Today, Mirra represents Georgetown, Groveland, Merrimac, Newbury, West Newbury and parts of Boxford and Haverhill. The new Second Essex District for which he and Kassner ran stretches further south, covering Georgetown, Hamilton, Ipswich, Newbury, Rowley and part of Topsfield.

Mirra said he “absolutely” believes the updated map played a role in the tight race.

“I got totally screwed in this redistricting. I lost five of my seven towns. Usually, a rep district changes by maybe five percent or 10 percent,” Mirra said. “It’s an unheard-of amount of change for my district. It was devastating because it’s like starting all over. There was no benefit to being the incumbent because we were a complete unknown in these new towns.”

The race pitted a Baker-endorsed incumbent, first elected in 2012, against a first-time challenger who touted the support of Attorney General and now Gov.-elect Maura Healey.

Success in the Second Essex District would push Democrats to victory in 133 of 160 House districts, giving them four more seats beginning in January than they held at the start of the current two-year term in 2021.

Democrats might expand their pickup even further to a net gain of five seats depending on how a recount plays out in the First Middlesex District, which stretches through north-central communities near the New Hampshire border.

With the recount complete in five of the district’s six communities as of Thursday, Democrat Margaret Scarsdale of Pepperell led Republican Andrew Shepherd of Townsend by 11 votes, according to Galvin’s office. Another 4,104 ballots will be recounted in Lunenburg on Saturday.

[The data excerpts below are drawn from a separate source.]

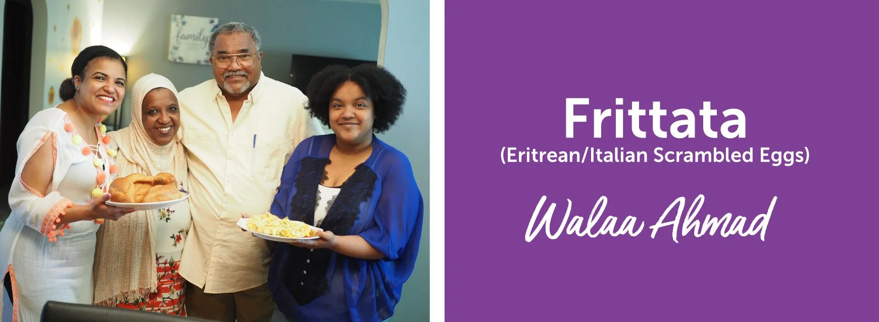 2. Walaa says that this dish comes from the Italian colonization in Eritrea, 1882-1941. Her great-grandparents prepared frittata along with other Eritrean and Italian-influenced dishes. Her mother learned it, and many other dishes, from her parents and have passed them down to her children. Walaa says this food is important to share with her large family and friends because it connects them to their history and memories.
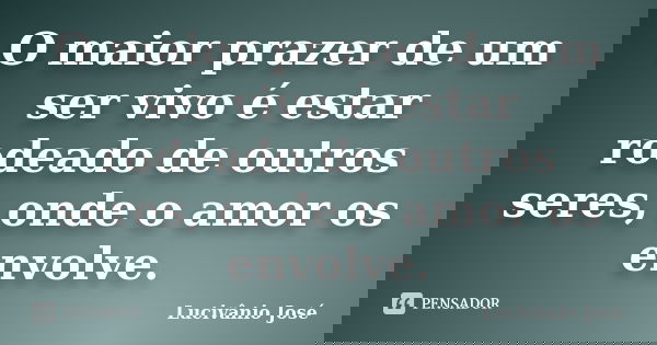 O maior prazer de um ser vivo é estar rodeado de outros seres, onde o amor os envolve.
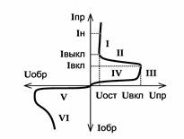 IV – участок в прямом включении, на котором динистор заперт, и приложенное к его выводам напряжение меньше, чем необходимо для возникновения пробоя,

Although Kassner’s apparent margin of victory essentially could not get smaller, it’s not unprecedented. In 2019, Boston City Councilor Julia Mejia emerged victorious by a single vote following a recount.

Twelve years ago, a recount narrowed the gap between Democrat Rep. Geraldo Alicea and his Republican challenger, Peter Durant, to a single vote. A Superior Court judge later ruled that an absentee ballot that was rejected should have been counted for Alicea, prompting a special panel of lawmakers to declare the race a tie and order a new special election, which Durant won.

Mirra at least appears to have avoided the fate of former Governor’s Councilor Herbert Connolly, who in 1988 arrived to the polls too late to cast a ballot for himself and lost by a single vote. Asked if he voted for himself, Mirra replied, “Of course.”

Connolly challenged some ballots, but a court ruled his opponent the victor. His attorney in that matter? None other than veteran state representative William Francis Galvin, who six years later would go on to begin his still-ongoing tenure as the state’s chief elections official.